The optimization of chemical structures in the latent space has become a major tool for de novo design, but it is much based on random perturbations in the starting molecule and on arithmetic operations to change molecules in the direction of better-performing ones [
10,
28]. The establishment of arithmetic operations in the latent space (rules) associated with specific desired transformations opens the way to better-guided algorithms for molecular optimization.
2. Results and Discussion
2.1. Unsupervised Mapping of Atomic DLSVs with t-SNE
The ability of atomic DLSVs to represent atoms in molecules was assessed by mapping a data set consisting of >100,000 atoms exhaustively obtained from 5000 diverse molecules. The t-distributed stochastic neighbor embedding (t-SNE) algorithm was used, which can efficiently handle very large data sets. The mapping relied exclusively on the atomic DLSV obtained by the difference between the LSV of the whole molecule and the LSV of the molecule after replacing the target atom with a phosphorus atom. Only after mapping the objects were labels associated with the data points to obtain figures and interactive maps (
Figure 1). The interactive maps are available from the github repository associated with this article.
The maps show that the DLSV profiles could discriminate between the atoms of different elements, hybridization, atomic types, and aromaticity. Clustering according to a more detailed environment of atoms (e.g., functional groups) was incipient in some cases, although no clear separation between clusters was observed.

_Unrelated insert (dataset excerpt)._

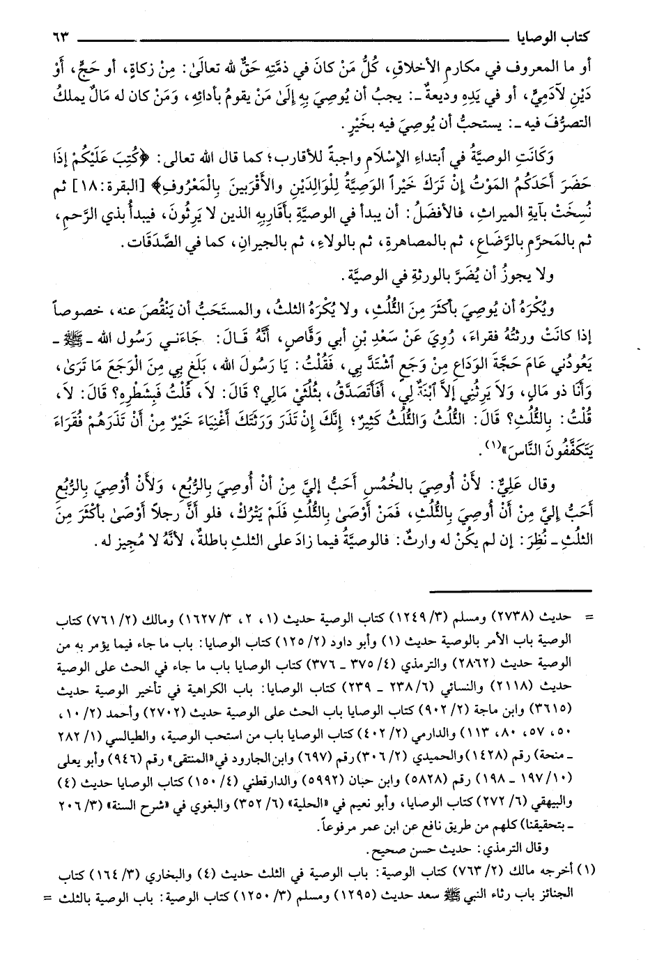 ويُكره أن يُوصي بأكثر من الثلث، ولا يُكره الثلث، والمستحب أن ينقص عنه، خصوصاً إذا كانت ورثته فقراء، رُوي عن سعد بن أبي وقاص، أنه قال جاءني رسول الله - صلى الله عليه وسلم - يعودني عام حجة الوداع من وجع اشتد بي، فقلت: يا رسول الله، بلغ بي من الوجع ما ترى، وأنا ذو مال، ولا يرثني إلا ابنة لي، أفأتصدق، بثلثي مالي؟ قال: لا، قلت فبشطره؟ قال: لا، قلت: بالثلث؟ قال: الثلث والثلث كثير؛ إنك إن تذر ورثتك أغنياء خير من أن تذرهم فقراء يتكففون الناس".

These maps show that DLSVs extract qualitative local information from the LSVs of molecules that can be revealed by unsupervised clustering.
2.2. QSPR of Partial Atomic Charges
The ability of DLSV descriptors to train QSPR models was first explored with a calculated atomic property as the dependent variable: Gasteiger partial atomic charges. The atomic charge is a property associated with a specific atom in a molecule. Therefore, we investigated whether the atomic descriptors obtained as DLSVs enable machine learning models to predict this property calculated by RDKit from the 2D molecular structure. Differently from the previous experiment, quantitative data were used (in a regression task) to train ML models with supervised learning. The Gasteiger charge is particularly advantageous as a first exploratory property since it is fast to calculate, is easily accessible from the same package used to process the DLSV, and does not depend on the 3D structure.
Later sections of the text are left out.